If there's no way to save your applications, you at least can ensure continued access to critical data while programmers madly scramble to fix the code -- at least that's the logic behind the data mart strategy promoted by Brio Technology Inc. The plan calls for moving critical data into a year 2000-compliant database, such as an Oracle Corp. product. In the data-transfer process, automated migration tools easily can expand two-digit dates to four digits.

Then, by using whatever year 2000-compliant front-end tool the organization prefers, end users can continue to access critical data -- even if the usual applications and mainframe data reports are experiencing problems.

The California State University System adopted that approach for its financial reporting systems, which serve 23 college campuses. It built a 12G-byte data mart on an Oracle database and adopted Brio tools for front-end access instead of rewriting 400 to 500 non-year 2000- compliant mainframe reporting programs, Kensicki says.

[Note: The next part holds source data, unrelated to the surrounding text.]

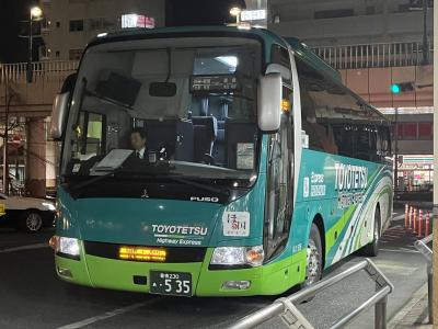 西武池袋線練馬駅より三河田原駅まで夜行高速バス「ほの国号」に乗車。
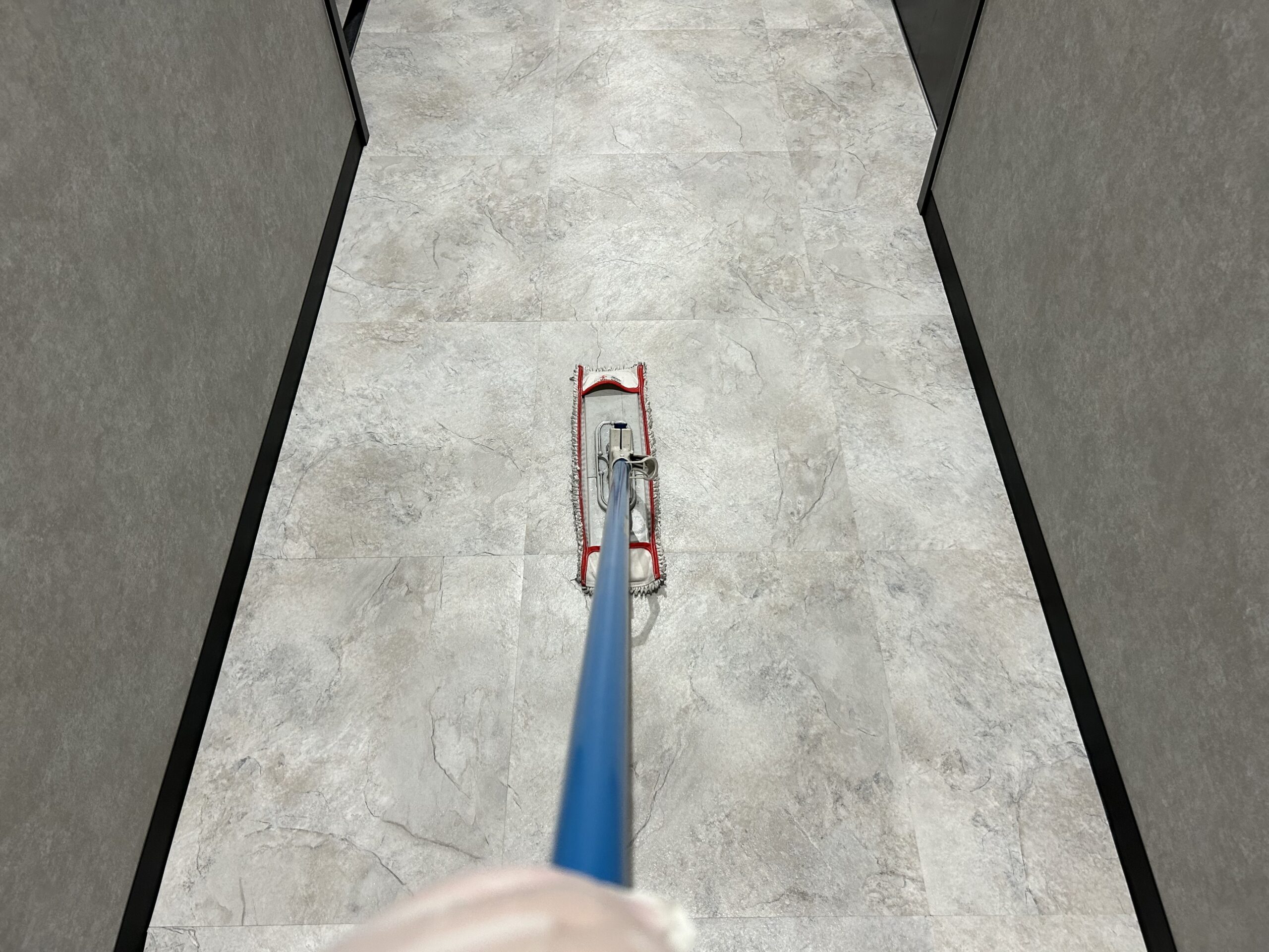 よく見ると靴汚れなどの汚れが多数あったのでしっかりと擦って汚れを落としていきます!
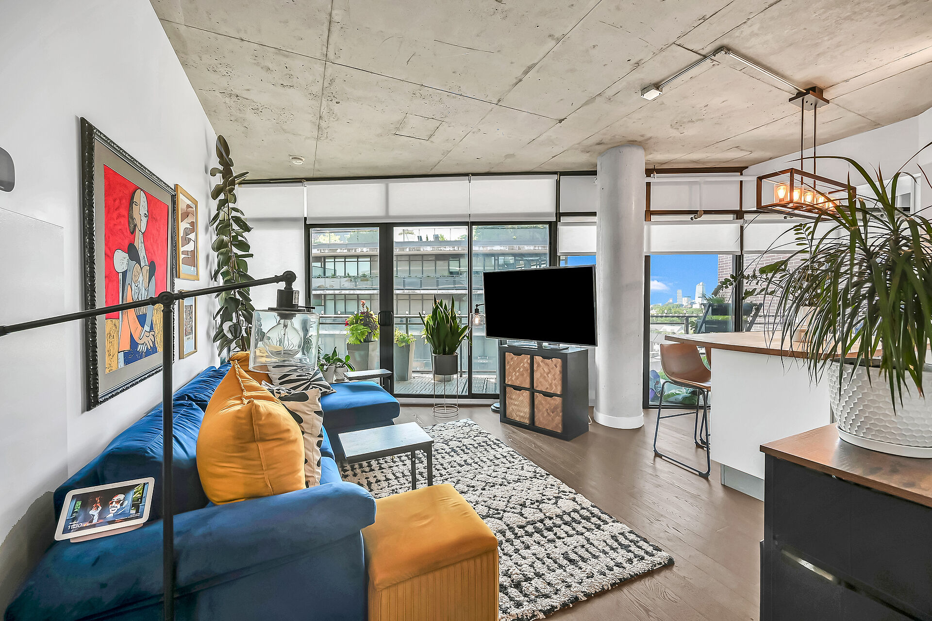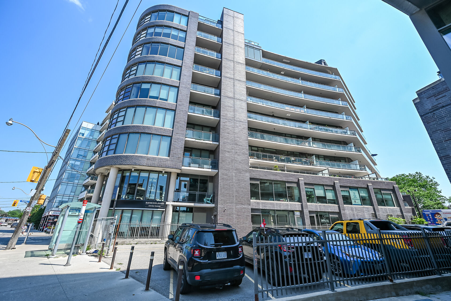 Welcome to #902 at the Flat Iron Lofts – a stunning, light-filled corner suite in the heart of vibrant Leslieville! This spacious 1 bedroom plus den loft features a thoughtfully designed, open-concept layout with soaring exposed concrete ceilings and expansive floor-to-ceiling windows that flood the space with natural light. Enjoy seamless indoor-outdoor living with a large private terrace equipped with a gas BBQ hookup – perfect for entertaining or relaxing while watching the sunset. The suite boasts modern finishes, a sleek kitchen with full-size stainless steel appliances, and wide-plank hardwood flooring throughout. South-facing views feature warmth and brightness all day long.

Kensicki installed an Oracle database on the systemwide extranet. The legacy data automatically is converted to the four-digit date format as it's loaded into Oracle. Kensicki's team quickly set up reports in Brio, and end users create their own reports, further speeding the process. This approach freed Kensicki's programmers to go back to work on the mainframe application and date logic. "If we had to do it all on the mainframe, we'd still be at it," he says.

Although the data mart approach -- using Brio or other front-end data access tools such as those from Cognos Inc. and Business Objects S.A. -- sounds attractive, it has its limitations. First, it solves only the reporting problem -- it does nothing about updates and transactions. For year 2000 purposes, it buys you only as much time as you need to function without processing new transactions, although a larger benefit in terms of better reporting transcends the year 2000 problem.

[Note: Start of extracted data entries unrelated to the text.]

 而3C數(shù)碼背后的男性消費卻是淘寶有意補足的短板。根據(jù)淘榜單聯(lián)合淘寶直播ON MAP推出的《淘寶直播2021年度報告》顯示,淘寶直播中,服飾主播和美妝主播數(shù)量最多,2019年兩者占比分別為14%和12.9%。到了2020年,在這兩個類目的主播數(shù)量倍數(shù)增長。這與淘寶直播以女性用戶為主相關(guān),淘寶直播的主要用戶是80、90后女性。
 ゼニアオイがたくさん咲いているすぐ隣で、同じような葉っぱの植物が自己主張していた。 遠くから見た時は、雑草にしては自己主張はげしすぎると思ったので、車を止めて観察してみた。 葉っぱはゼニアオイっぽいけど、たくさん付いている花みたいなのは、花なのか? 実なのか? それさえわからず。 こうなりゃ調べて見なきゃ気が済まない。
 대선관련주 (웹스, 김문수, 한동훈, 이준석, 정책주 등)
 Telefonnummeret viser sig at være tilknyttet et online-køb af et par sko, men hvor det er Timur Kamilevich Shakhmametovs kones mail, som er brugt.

Second, setting up a data mart isn't trivial. "This is a smart tactic if you can do it, but it is really for the chosen few," says Russ Kelly, a year 2000 consultant in Seneca, S.C. Data marts, he points out, are neither inexpensive nor easy to build. If you're starting from scratch, you need to buy and install the database, data extraction and transfer tools and the front-end tool. You will have to determine if the benefits are worth diverting money and time from your primary year 2000 repair effort.

With year 2000-compliant PCs available for less than $1,000, it makes sense to replace problem PCs. However, "we have clients with older PCs that they just can't replace due to the cost involved," says Jason Mitchell, a senior systems engineer at Kiefer Confanti and Co., an accounting and consulting firm in St. Louis.

To solve the problem of old PCs, Mitchell recommends PCFix 2000 from The About Time Group in Atlanta. Once installed, the tool masks any year 2000 problems with the hardware and BIOS every time the machine is booted.

Memory Hogs

There are numerous tools that fix PCs by masking year 2000 problems in the hardware or BIOS, but many of the tools are based on terminate-andstay -resident (TSR) programs and thus consume memory, which is in short supply on the older PCs most likely to need this type of fix.

PCFix 2000, Mitchell reports, doesn't consume system resources the way TSR-based fixes do. Mitchell says the network-downloadable PCFix allowed him to make a 30-user LAN year 2000-compliant in two hours. The tool doesn't do anything with PC applications or data that may suffer year 2000 glitches and isn't recommended as a long-term solution. "But when you're under budget and time constraints, it really works," Mitchell says.

There also are desktop utilities that fix PCs, but they typically have to be implemented one PC at a time. If you're looking at a few thousand -- or even a few hundred -- legacy PCs in need of a fix, you have a lot of work to do in the short time ahead.